Reza juga menambahkan bahwa faktor keamanan menjadi salah satu hal krusial yang ia tawarkan secara langsung kepada mantan pelatih Timnas Indonesia tersebut. Ia memberikan jaminan penuh bahwa keselamatan Kluivert akan dijaga ketat selama berada di wilayah kedaulatan Indonesia guna memberikan rasa nyaman.

Promotor juga mengajak seluruh lapisan masyarakat dan keluarga besar pecinta sepak bola Indonesia untuk menunjukkan sikap sebagai bangsa yang beradab. Reza mengimbau agar tidak ada tindakan negatif yang dapat merugikan citra bangsa Indonesia di mata komunitas sepak bola internasional selama acara berlangsung.

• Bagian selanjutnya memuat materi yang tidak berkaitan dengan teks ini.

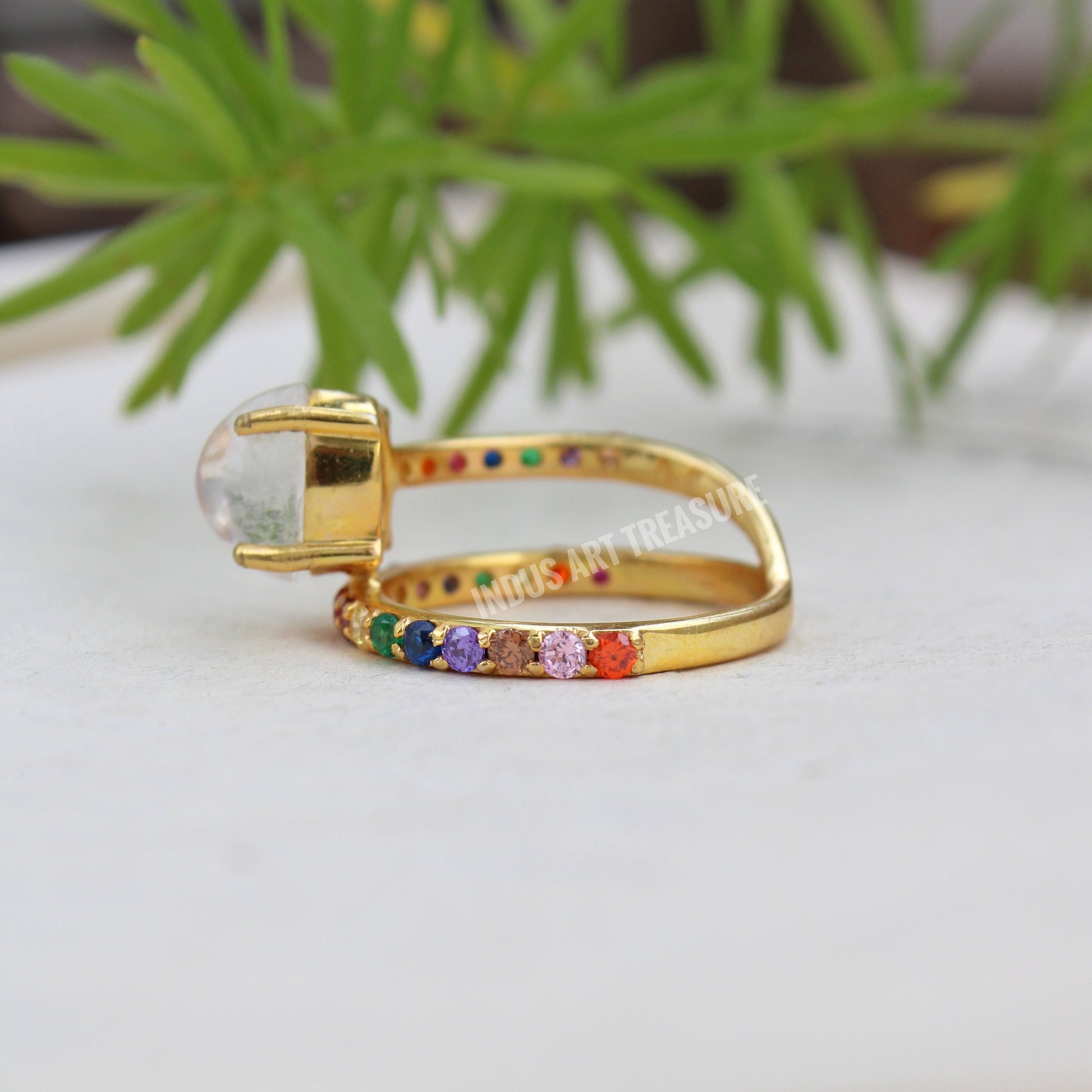 Product : Natural Rainbow Moonstone Multi Stone Dainty Gold Ring for Special One/ June Birthstone Ring / Gold Plated 925 Sterling Silver Ring/ Bridal Ring for Her/ Moonstone Ring Jewelry/ Multi Stone Rainbow Ring, Birthday Gift for Her/ Gift Ring for Mum/ Anniversary Gift.

Patrick Kluivert sendiri akhirnya mendarat di Bandara Soekarno-Hatta, Tangerang, pada hari Jumat, 17 April 2026, dengan raut wajah yang tampak bahagia. Saat dimintai keterangan oleh awak media mengenai perasaannya kembali ke Indonesia, ia hanya melontarkan komentar-komentar yang bernada positif dan antusias.

Melalui unggahan di media sosial penyelenggara, Kluivert menegaskan bahwa dirinya selalu merasa bersemangat setiap kali mendapatkan kesempatan untuk berkunjung ke Indonesia. Antusiasme tinggi yang ia tunjukkan seolah menghapus memori pahit dari catatan kepelatihannya yang pernah dialami bersama skuad Garuda setahun sebelumnya.

Disclaimer:
Artikel ini ditulis ulang secara otomatis oleh AI berdasarkan sumber: www.bola.com tanpa mengubah fakta pada artikel asli.